LLM Interaction Patterns, Guardrails & Techniques
This document describes how Mistral Vibe shapes LLM behavior: how prompts are assembled, how tools are presented, how the conversation loop operates, and what guardrails constrain the LLM at every level. It provides the cross-cutting "LLM interaction design" perspective that complements the per-component docs (02-agent-loop, 04-middleware, 05-llm-backends).
1. System Prompt Assembly
Entry point: get_universal_system_prompt() at vibe/core/system_prompt.py:415-466
The system prompt is built by concatenating independent sections, joined by "\n\n". Each section is gated by a config flag, allowing agent profiles to strip the prompt down.
Assembly Flow
get_universal_system_prompt()
│
├── config.system_prompt ← base prompt (cli.md, 47 lines)
│
├── [if include_commit_signature]
│ └── _add_commit_signature() ← git commit heredoc template (line 361)
│
├── [if include_model_info]
│ └── f"Your model name is: `{config.active_model}`"
│
├── [if include_prompt_detail]
│ ├── _get_os_system_prompt() ← platform + shell detection (line 339)
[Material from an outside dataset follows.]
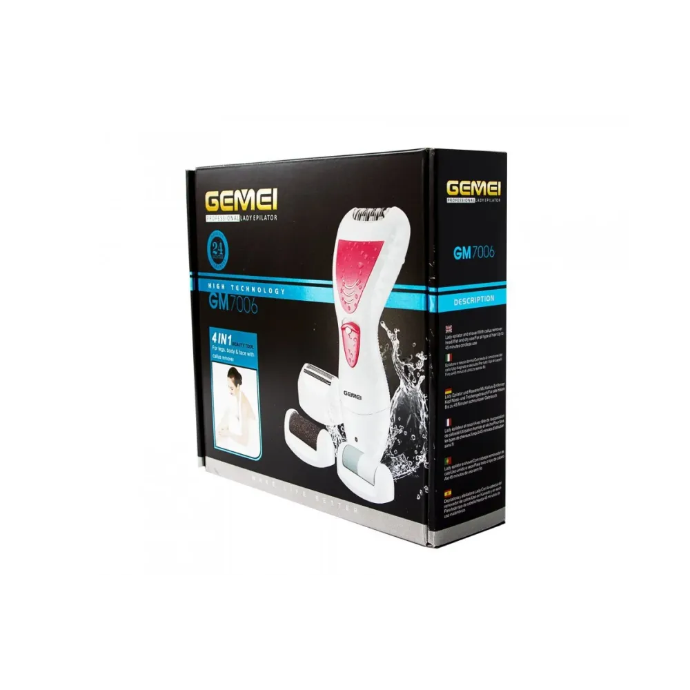 Эпилятор GM-7006 Professional 4in1. Идеально подходящий для линии бикини, подмышек и ног. Эффективен и безболезненный в отличие от традиционных методов химической эпиляции и щипцов, которые требуют много времени и приносят большую боль, этот эпилятор может удалить волосы всего за пять минут без боли или дискомфорта.

│ ├── tool prompts ← per-tool .md files, joined by "\n---\n"
│ ├── skills catalog ← XML <available_skills> block (line 374)
│ └── subagents catalog ← markdown list (line 402)
│
├── [if include_project_context]
│ ├── ProjectContextProvider ← directory tree + git status (line 36)
│ └── _load_project_doc() ← VIBE.md / AGENTS.md content (line 24)
│
└── "\n\n".join(sections)
Section Details
| # | Section | Source | Config Gate |
|---|---|---|---|
| 1 | Base prompt | cli.md — behavioral rules, tool usage, code modification style, tone |
config.system_prompt (always present) |
| 2 | Commit signature | _add_commit_signature() (line 361) — heredoc template for git commits |
include_commit_signature |
| 3 | Model identity | Active model name string injection (line 427) | include_model_info |
| 4 | OS/shell info | _get_os_system_prompt() (line 339) — platform name + shell path, Windows-specific command rules |
include_prompt_detail |
| 5 | Tool prompts | Per-tool .md files loaded via BaseTool.get_tool_prompt() (tools/base.py:130-149), joined by \n---\n |
include_prompt_detail |
| 6 | Skills catalog | XML <available_skills> with HTML-escaped name, description, path per skill (line 374) |
include_prompt_detail |
| 7 | Subagents catalog | Markdown bullet list from AgentManager.get_subagents() (line 402) |
include_prompt_detail |
| 8 | Project context | Directory tree (depth/file limited, gitignore-aware) + git branch/status/log via ProjectContextProvider (line 36) |
include_project_context |
| 9 | Project docs | Trusted VIBE.md/AGENTS.md file content, up to max_doc_bytes (line 460) |
include_project_context |
Base Prompt (cli.md)
The 47-line cli.md sets the LLM's fundamental identity and constraints:
- Identity: "You are operating as and within Mistral Vibe, a CLI coding-agent built by Mistral AI"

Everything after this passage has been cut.